Published February 23, 2011
If you work from home, you know that distractions lurk everywhere. Not having a boss breathing down your neck may be liberating, but it can also make it tough to focus and get motivated. With these tips, tricks and hacks, however, you can really boost your productivity.
Increase Your Workspace
Clean off your desk: A messy desk is definitely a productivity-killer. So the first thing you need to do is make sure that your storage space is equal to your storage needs. If you find yourself drowning in a sea of papers and books, do a thorough audit and figure out what’s really necessary. Ditch the junk in the garage, get some shelves for the necessary stuff and maybe even consider upgrading to a larger desk.
Install a second monitor: For those who spend most of their time dealing with digital documents, it’s a great idea to invest in a second computer monitor, which, according to a Microsoft study, can boost productivity by up to 50 percent. These days, a high-quality second display can cost as little as $100, so even a small bump in productivity can more than offset the cost.

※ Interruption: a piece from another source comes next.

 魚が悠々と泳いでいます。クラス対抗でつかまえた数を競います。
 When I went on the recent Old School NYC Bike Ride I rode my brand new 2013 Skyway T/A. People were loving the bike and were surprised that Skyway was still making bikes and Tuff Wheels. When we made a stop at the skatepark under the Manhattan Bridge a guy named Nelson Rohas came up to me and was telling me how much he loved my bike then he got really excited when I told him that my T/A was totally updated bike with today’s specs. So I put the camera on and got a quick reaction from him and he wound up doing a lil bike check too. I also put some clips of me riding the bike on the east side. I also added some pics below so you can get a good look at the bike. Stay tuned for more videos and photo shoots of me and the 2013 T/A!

Hide those cables: Messes lurk under your desk, too. Swirling around the feet of nearly every desk worker is a tangle of cables that can trap dust and create confusion when you need to swap plugs. To keep the cable clutter under control, simply rig a few cheap plastic rain gutters under your desk and run the wires through them.
Whiteboard your walls: If you can’t start a task without writing a to-do list or drawing a diagram, you probably have a whiteboard in your home office. IdeaPaint is paint that transforms any wall into a giant whiteboard, giving you plenty of space to jot down an idea whenever inspiration strikes.
Get comfortable, or not
The right chair: When shopping for the perfect desk chair, you shouldn’t necessarily be looking for the most comfortable option - this is a work chair, after all, not a La-Z-Boy. Pick out something that gives you plenty of lower back support, as it will help your posture and alleviate the strains of sitting all day. If your current chair is getting the job done for the most part, but you’d like a little extra support, an $11 lumbar support add-on might be all you need. Once you have your chair sorted out, it’s a good idea to run through an ergonomics checklist to optimize things like posture and monitor placement.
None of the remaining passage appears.